▶ [ACTIVITY] For the data below, retype word for word the lines from the one containing "19TH CENT. OIL" through the one containing "시로야마 공원 전망대에서 보는 가고시마의 일출과 노을 그리고 야경"; drop the pictures.

▶ [EXTRACTED INFORMATION]
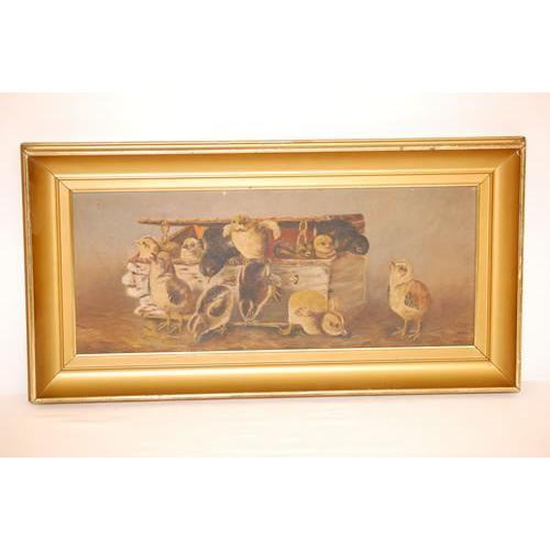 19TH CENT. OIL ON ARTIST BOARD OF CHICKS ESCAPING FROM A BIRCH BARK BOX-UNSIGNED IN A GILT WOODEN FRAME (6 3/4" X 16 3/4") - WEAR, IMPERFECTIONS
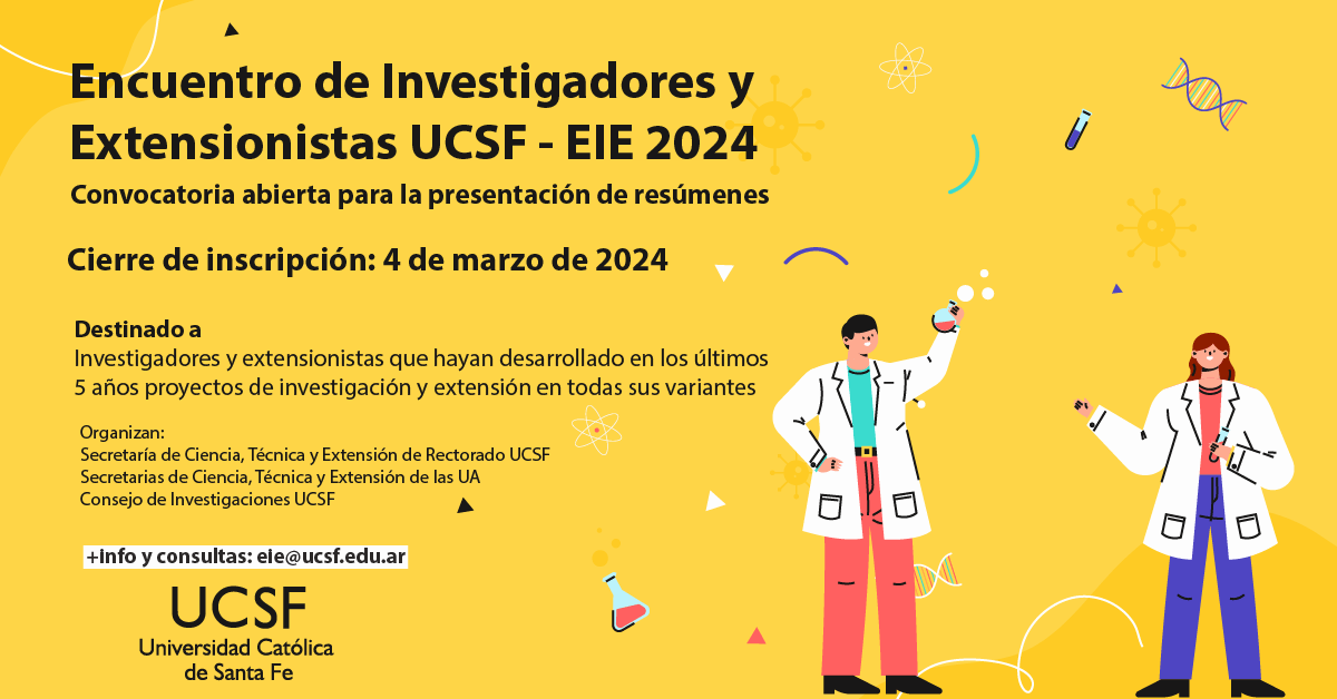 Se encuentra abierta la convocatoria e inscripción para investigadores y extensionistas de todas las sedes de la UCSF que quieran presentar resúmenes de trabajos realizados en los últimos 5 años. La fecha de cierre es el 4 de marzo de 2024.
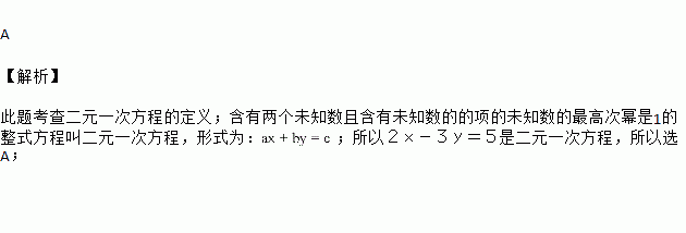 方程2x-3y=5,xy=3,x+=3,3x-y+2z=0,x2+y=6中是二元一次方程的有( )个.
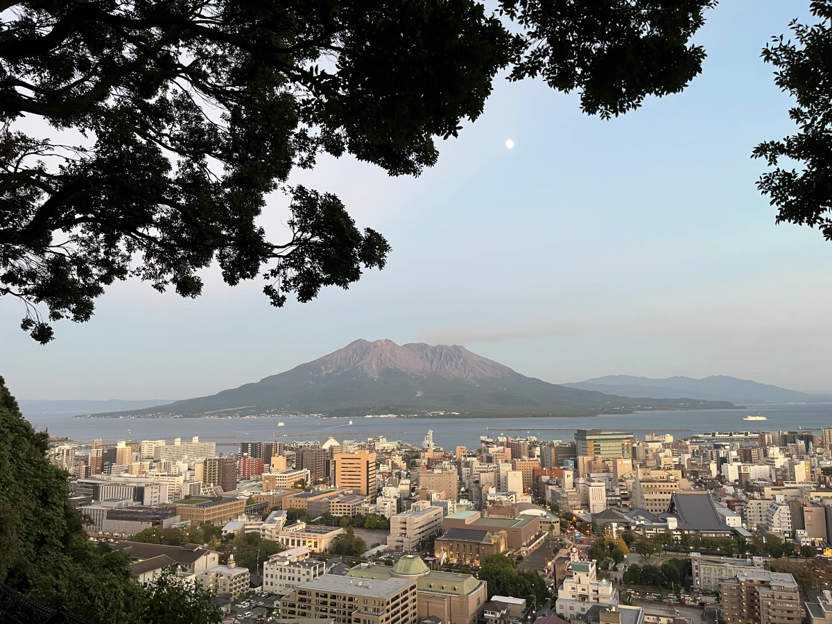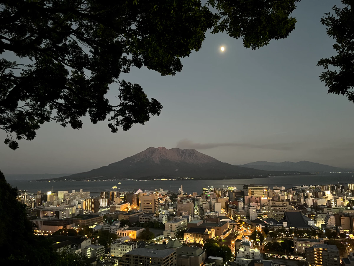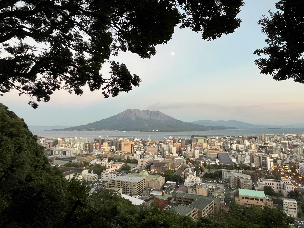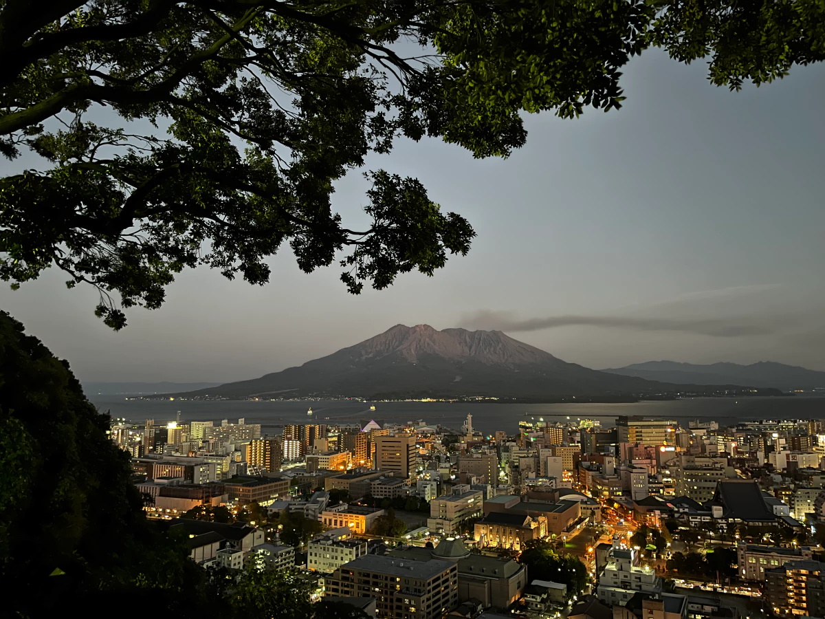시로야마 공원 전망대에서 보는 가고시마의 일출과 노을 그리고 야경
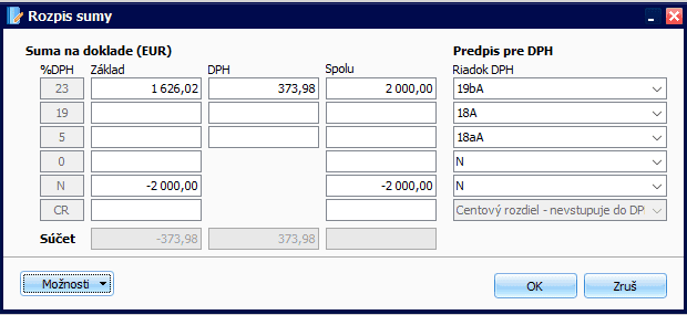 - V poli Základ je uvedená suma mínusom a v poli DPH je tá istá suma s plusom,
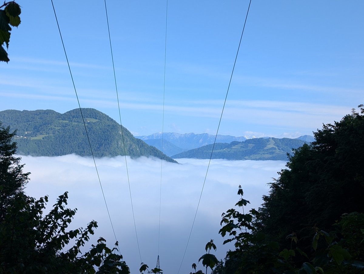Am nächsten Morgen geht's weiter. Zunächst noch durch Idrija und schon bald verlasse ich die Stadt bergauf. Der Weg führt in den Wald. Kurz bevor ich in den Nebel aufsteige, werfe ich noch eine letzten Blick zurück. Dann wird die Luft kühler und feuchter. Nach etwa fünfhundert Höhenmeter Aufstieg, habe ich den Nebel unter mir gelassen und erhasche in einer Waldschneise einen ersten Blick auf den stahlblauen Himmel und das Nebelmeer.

---

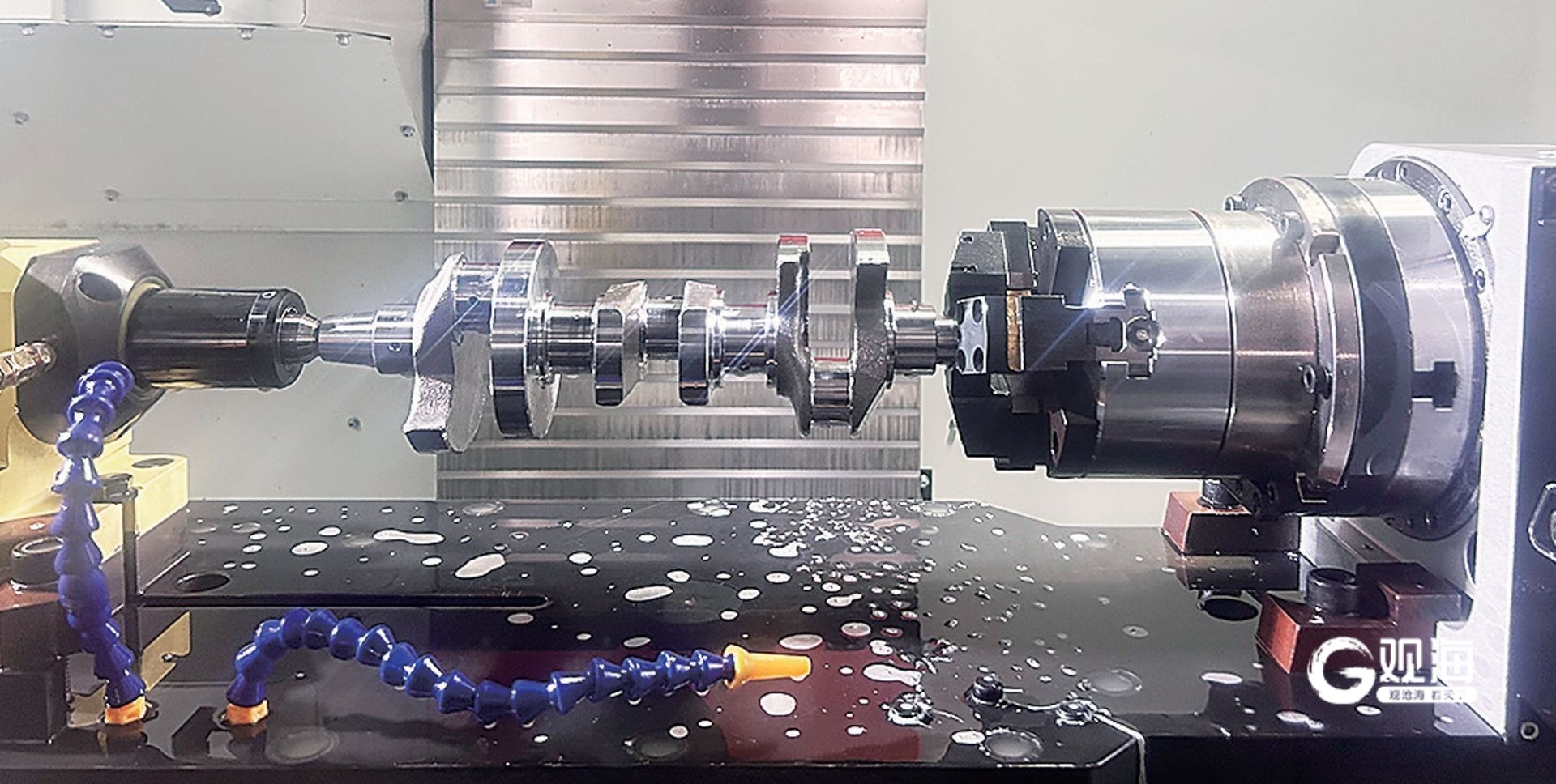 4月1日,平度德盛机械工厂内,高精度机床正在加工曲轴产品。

▶ [EXERCISE RESPONSE]
 19TH CENT. OIL ON ARTIST BOARD OF CHICKS ESCAPING FROM A BIRCH BARK BOX-UNSIGNED IN A GILT WOODEN FRAME (6 3/4" X 16 3/4") - WEAR, IMPERFECTIONS
 Se encuentra abierta la convocatoria e inscripción para investigadores y extensionistas de todas las sedes de la UCSF que quieran presentar resúmenes de trabajos realizados en los últimos 5 años. La fecha de cierre es el 4 de marzo de 2024.
 方程2x-3y=5,xy=3,x+=3,3x-y+2z=0,x2+y=6中是二元一次方程的有( )个.
시로야마 공원 전망대에서 보는 가고시마의 일출과 노을 그리고 야경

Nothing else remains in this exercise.